The shape of the elytra is suboval and almost twice as long as it is wide, and is approximately 1/3 wider than the basal margin of the prothorax. The sides of the elytra are slightly convex and are the widest in the anterior 1/3. It tapers posteriorly gently to a subtruncate to slightly sinuate apex that is medially prolonged posteriorly a little. The disc is somewhat rugose and covered in decumbent short pubescence, with darker integument than the head and prothorax. However, the anterior corners of the elytra are usually a lighter colour.

The legs are a lighter colour than the abdomen and elytra. They are usually pale or yellow. For the males, the anterior tibiae are only slightly sinuate on distal portion and are covered with long pubescence. The tibial spurs are slightly shorter for males than in the females.

The abdomen is dark and covered with dense recumbent hairs. The last 1-1/2 tergites of the abdomen extend past the tip of the elytra.

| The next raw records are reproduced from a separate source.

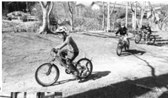
マウンテンバイク& ハーブ体験（和束町）
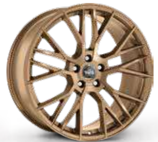
MATT BRONZE BRONZO OPACO
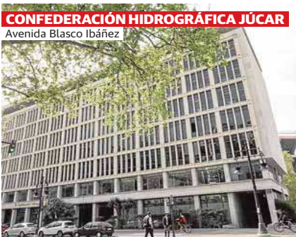
CONFEDERACIÓN HIDROGRÁFICA JÚCAR Avenida Blasco Ibáñez

Siempre me ha interesado la arquitectura anónima, el trabajo bien hecho y en silencio. Veo mi ciudad, Valencia, llena de ejemplos de esa arquitectura desconocida, proyectada por arquitectos anónimos (y no tanto). Edificios, plazas y calles diseñados con el único interés de servir a los demás. Un ejemplo: el conjunto de viviendas sociales junto a la calle Arquitecto Guastavino, en el barrio del Cañameral. Siete bloques ortogonales de arquitectura desnuda. Construidos al final de los años sesenta, para dar cobijo a las familias de trabajadores portuarios. Siete bloques ordenados como barracones, que dejan entre sí pequeñas calles sin salida, convertidas en patios de vecinos. Cuando los visito, paseo por allí como un voyeur y miro sus pequeños balcones. Espejos de lo que pasa dentro, un Instagram analógico de quien los habita.
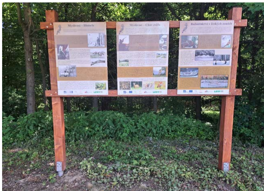
Naučná tabule o myslivosti u hájence
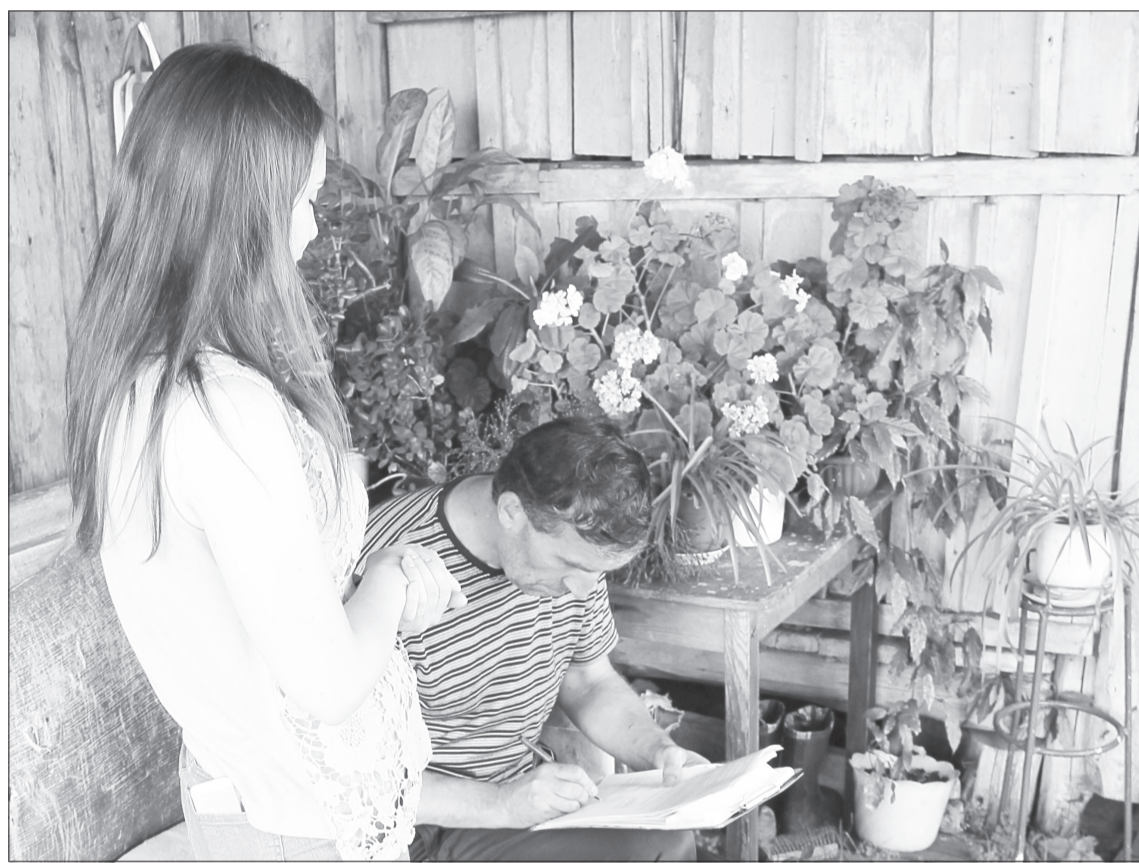
В ходе рейда были заключены два договора на пользование водоразборными колонками. Документы оформили на месте, а ушло на это буквально пять минут

На одном из адресов специалистам абонентского отдела цифры на водосчётчике показались подозрительными. Во дворе перед комисси-
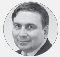
Николай СМОРНОВ , министр энергетики и ЖКХ Свердловской области:

– Вид данной площадки говорит о том, что было бы неплохо и здесь навести порядок. Данная территория может быть
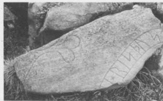
Fig. 8. Runstensfragment vid Venevalla, Remmene sn, Västergötland. Foto H. Gustavson 1980 (ATA). — Rune-stone fragment at Venevalla, Remmene parish, Västergötland.

For the reproductive structures, the tegmen of the aedeagus is elongated, tapering to the apex and rounded distally.

=== Diagnosis ===
Its large size and tapered tegmen of the aedeagus distinguishes this species apart from the other North American Amblyderus.

===Similar species===
Some A. triplehorni individuals may be light tan throughout and look visually similar to A. pallens, but A. triplehorni is larger (4.5 – 6.1 mm) than A. pallens (3.1 to 4.2 mm). In addition, the pygidium is not fully exposed dorsally in A. pallens and the anterior margin of the prothorax lacks dense erect hairs in A. pallens.

== Habitat ==
Amblyderus triplehorni is a sand dune specialist, preferring to inhabit the most barren dunes. This species can usually be observed on high bare dune ridges, especially in windswept debris pockets.

== Behaviour ==
Adults are scavengers that feed on dead insects. They forage in the evenings near the dune crest or in debris pockets further down the dunes. Debris pockets trap small dead insects, such as aphids and cicadellids that the adults feed on. When the wind is calm, the adults travel quickly in a circuitous pattern in search of food. When there are strong gusts of wind, they lie flat against the sand to prevent being picked up by the wind. Two feeding methods are known. The first method uses their middle and hind legs to anchor themselves to the ground and their forelegs and palps to manipulate their food. The second method is to feed while on its back and use all six legs to manipulate the food. Occasionally, these beetles hold their food with their mouths and forelegs, and travel erratically. The adults are most active in early summer, but have been detected up to September.

== Etymology ==
Amblyderus triplehorni was named after Charles A. Triplehorn due to his work with W.A. and B.W. Triplehorn that collected the type specimens in 1974 in Great Sand Dunes National Monument.